→ Records to use

++++++++++++++++++++

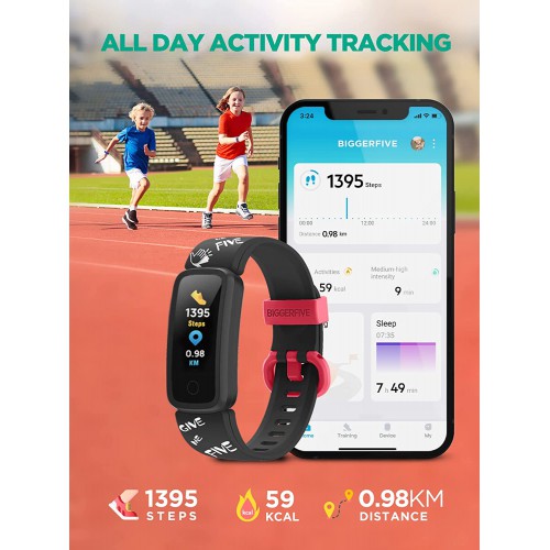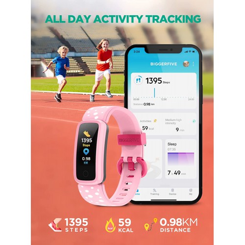BIGGERFIVE Vigor Kids Fitness Tracker Watch for Boys Girls,Activity Tracker with Heart Rate Sleep Monitor,Pedometer Watch,IP68 Waterproof Calorie Step Counter Watch with Alarm Clock,Best Kids Gift
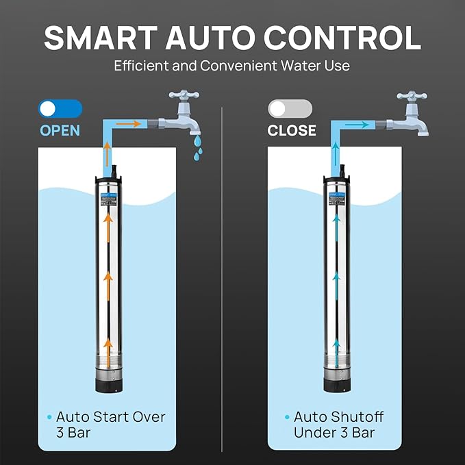• Auto Start/Stop Function:The automatic deep well pump features a built-in pressure sensor that starts the pump when pressure exceeds 3 bar, and stops it when pressure drops below 3 bar or no water is detected. The well pump includes dry-run protection to prevent damage.
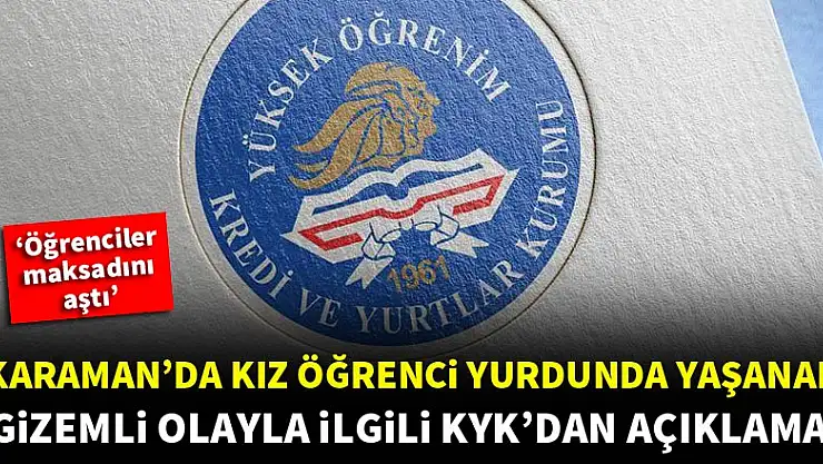 KYK'dan, Karaman İl Müdürlüğüne bağlı Nefise Sultan Kız Öğrenci Yurdu'nda yaşanan olaya ilişkin, bazı basın yayın organlarında "Karaman'daki yurtta, kız öğrencileri korkutan iddia" başlığıyla yer alan haberler üzerine yazılı açıklama yapıldı.
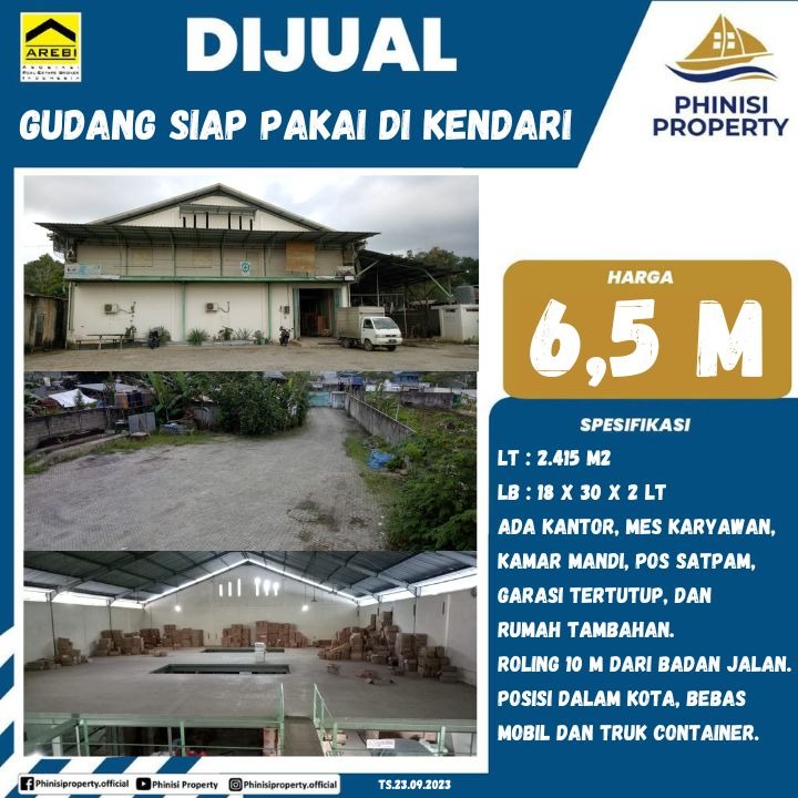 Gudang multifungsi ini adalah aset yang sangat berharga untuk bisnis Anda, berlokasi strategis di Kendari. Dengan luas tanah 2.415 m², properti ini menawarkan ruang yang sangat luas untuk operasional. Luas bangunan gudang adalah 18 meter x 30 meter dengan dua lantai, memberikan total luas bangunan sebesar 1.080 m². Fasilitas yang tersedia sangat lengkap, termasuk kantor, mes karyawan, kamar mandi, pos satpam, garasi tertutup, dan rumah tambahan, yang semuanya mendukung kelancaran kegiatan bisnis. Gudang ini memiliki akses yang mudah, berjarak hanya 10 meter dari badan jalan utama dan berada dalam kota, sehingga bebas dilalui oleh mobil dan truk kontainer. Ini adalah kesempatan ideal untuk memiliki gudang yang siap pakai dan lengkap, menjamin efisiensi logistik dan operasional bisnis Anda.
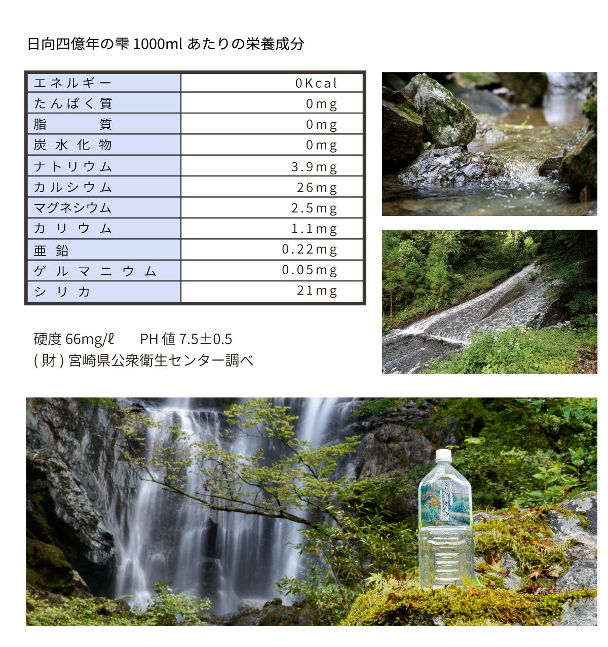 《 日向四億年の雫 (ひむかよんおくねんのしずく) 》というナチュラルミネラルウォーターを製造販売しています。
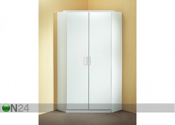 Kaksiovinen kulmavaatekaappi on valmistettu kalustelevystä – sisusta on harmaa – vasemmalla ja oikealla… Lue lisää »
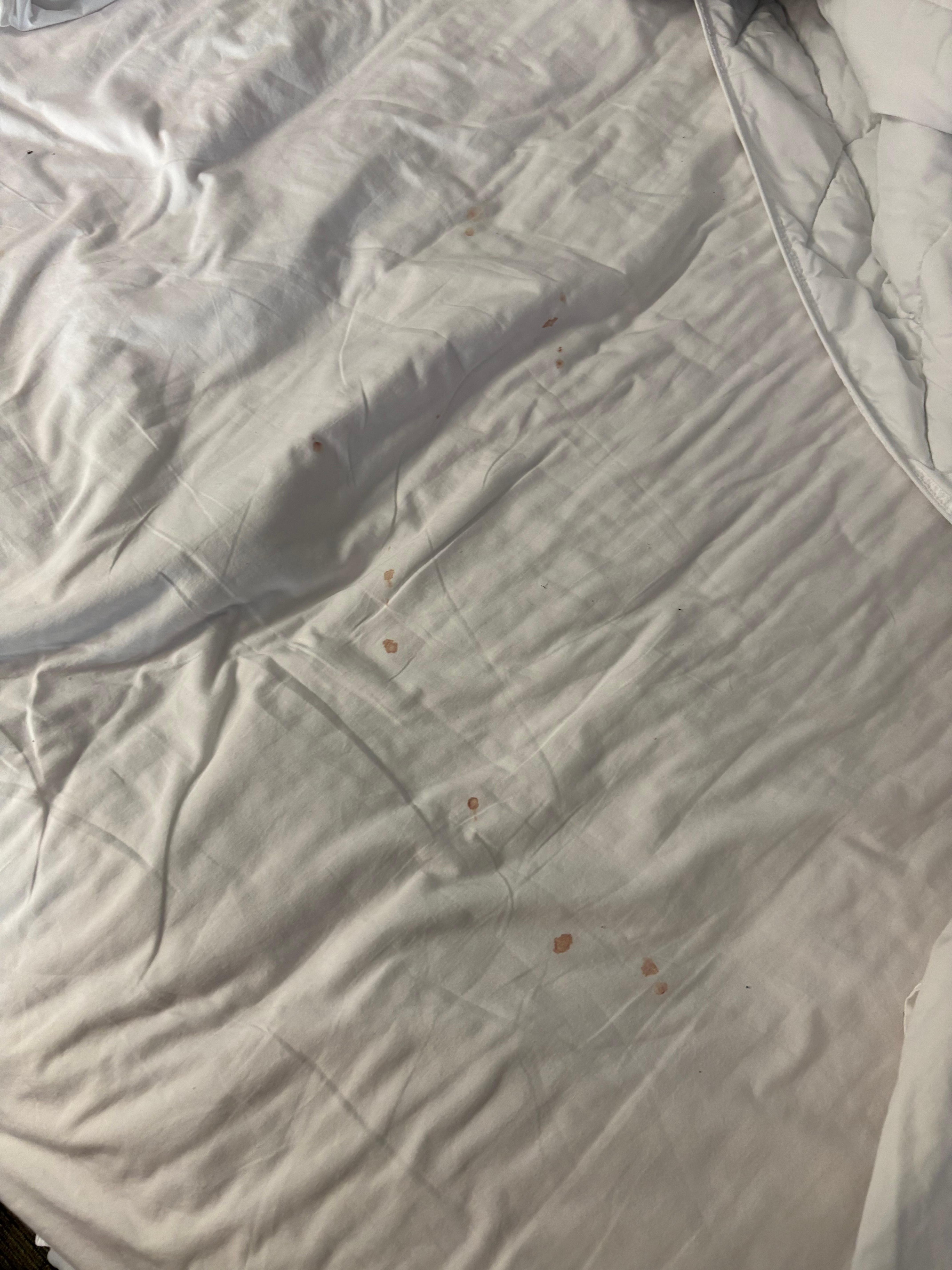 Then, I mention to them when I checked in the room, we remove all linens, we discovered blood stains that have been there a while, and I asked for a change. They ended up charging me for it because upon there policies they do not do housekeeping everyday. MIND YOU this is me discovering it CHECKING IN DAY!

++++++++++++++++++++

→ Exercise brief
Beginning with the line in which "Gudang multifungsi ini" appears, repeat exactly each line down to the close of the material, leaving every picture out.

→ Solution for this problem
 Gudang multifungsi ini adalah aset yang sangat berharga untuk bisnis Anda, berlokasi strategis di Kendari. Dengan luas tanah 2.415 m², properti ini menawarkan ruang yang sangat luas untuk operasional. Luas bangunan gudang adalah 18 meter x 30 meter dengan dua lantai, memberikan total luas bangunan sebesar 1.080 m². Fasilitas yang tersedia sangat lengkap, termasuk kantor, mes karyawan, kamar mandi, pos satpam, garasi tertutup, dan rumah tambahan, yang semuanya mendukung kelancaran kegiatan bisnis. Gudang ini memiliki akses yang mudah, berjarak hanya 10 meter dari badan jalan utama dan berada dalam kota, sehingga bebas dilalui oleh mobil dan truk kontainer. Ini adalah kesempatan ideal untuk memiliki gudang yang siap pakai dan lengkap, menjamin efisiensi logistik dan operasional bisnis Anda.
 《 日向四億年の雫 (ひむかよんおくねんのしずく) 》というナチュラルミネラルウォーターを製造販売しています。
 Kaksiovinen kulmavaatekaappi on valmistettu kalustelevystä – sisusta on harmaa – vasemmalla ja oikealla… Lue lisää »
 Then, I mention to them when I checked in the room, we remove all linens, we discovered blood stains that have been there a while, and I asked for a change. They ended up charging me for it because upon there policies they do not do housekeeping everyday. MIND YOU this is me discovering it CHECKING IN DAY!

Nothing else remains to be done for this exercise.